Mayoral Column 16 January 2017
Published on 16 January 2017
Plans afoot to stamp out mosquitos
The impact of the 2016 flooding events continues to flow through Loddon, with the municipality facing a significantly higher risk of mosquito borne health risks with the creation of prime breeding grounds.
While early indications of a return to more typical rainfall patterns has been welcomed by our farming community reaping bumper crops over recent weeks, wet conditions following the floods resulted in a significant rise in mosquito numbers.
In recent weeks residents may have noticed a drop in mosquito numbers, however presently there is a higher risk of mosquitos carrying diseases that impact negatively on human health.
Loddon Shire has been named one of 16 higher risk and flood affected rural Victorian Councils to benefit from a special State Government package designed to give the “Beat the Bite” campaign real clout.
Last week Council’s senior public health officer attended a seminar to equip Council with information to help move towards protecting the community from diseases such as Ross River virus, Barmah Forest virus, and Murray Valley Encephalitis.
Planned action to follow in the coming months includes mosquito management activities such as treating larvae in the water to reduce future populations and increasing community awareness through identifying high risk areas in townships and sharing information through the media.
In the meantime, on an individual level there are many things we can do to help protect ourselves and our families from mosquito bites.

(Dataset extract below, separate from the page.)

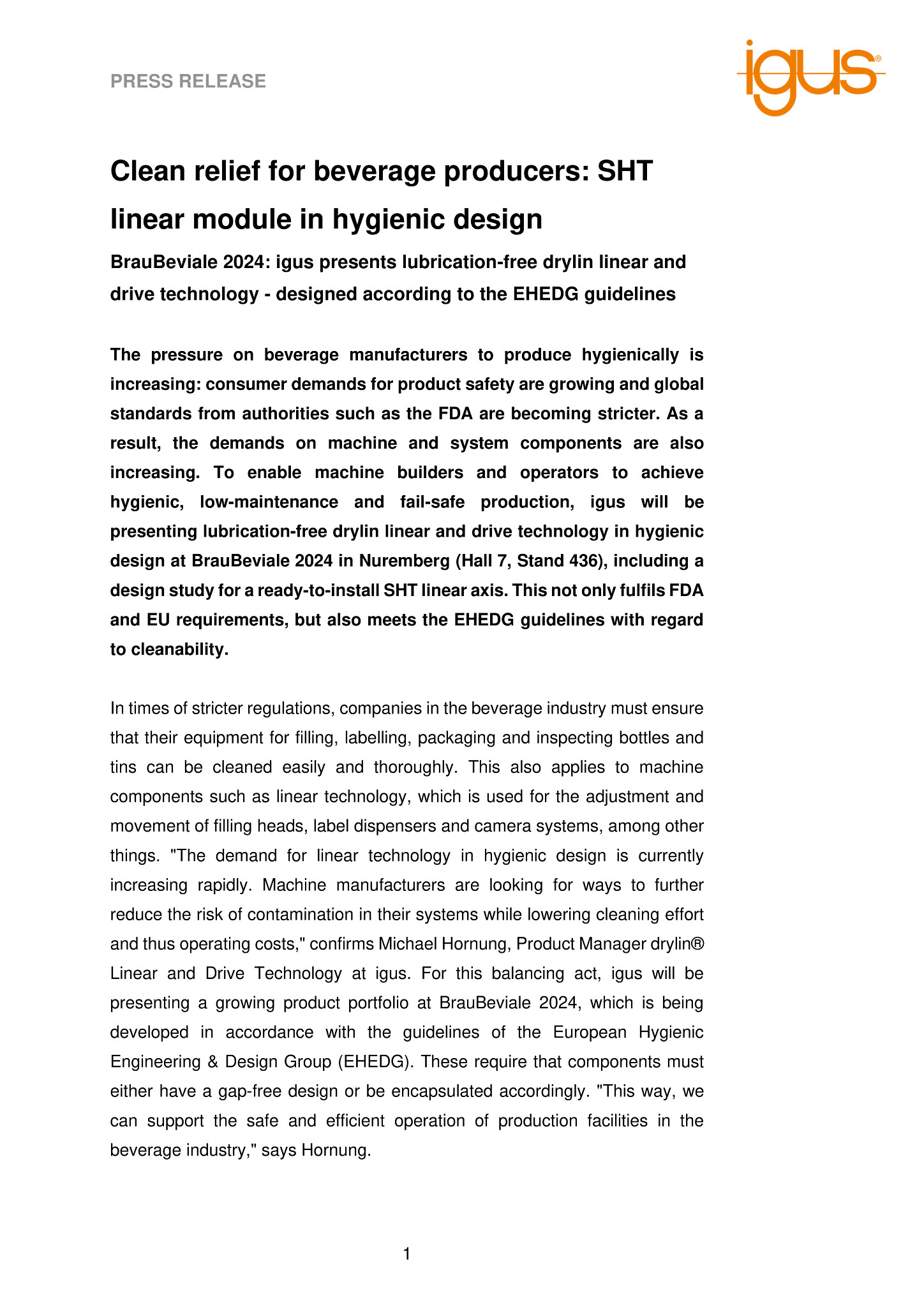 The pressure on beverage manufacturers to produce hygienically is increasing: consumer demands for product safety are growing and global standards from authorities such as the FDA are becoming stricter. As a result, the demands on machine and system components are also increasing. To enable machine builders and operators to achieve hygienic, low-maintenance and fail-safe production, igus will be presenting lubrication-free drylin linear and drive technology in hygienic design at BrauBeviale 2024 in Nuremberg (Hall 7, Stand 436), including a design study for a ready-to-install SHT linear axis. This not only fulfils FDA and EU requirements, but also meets the EHEDG guidelines with regard to cleanability.

These include wearing long loose fitting clothing, using effective mosquito repellents containing DEET or picaridin on exposed skin, using indoor ‘knockdown sprays’ or vaporising devices for living areas including caravans, installing flywire screens and removing stagnant water from flower pots, tyres, buckets, tins, bird baths and pet bowls.
Limiting outdoor activity at dusk and dawn when mosquitoes are most active is also advisable.
If you have any concerns about your health talk to your doctor or phone nurse on call on 1300 606 024.
Hard waste collection encourages clean up
Council’s hard waste collection dates are always well received and residents are encouraged to diarise scheduled dates in March.
Hard waste collection dates provide an opportunity for residents to place unwanted items such as whitegoods and old bed frames out on the nature strip to be collected and removed by Council.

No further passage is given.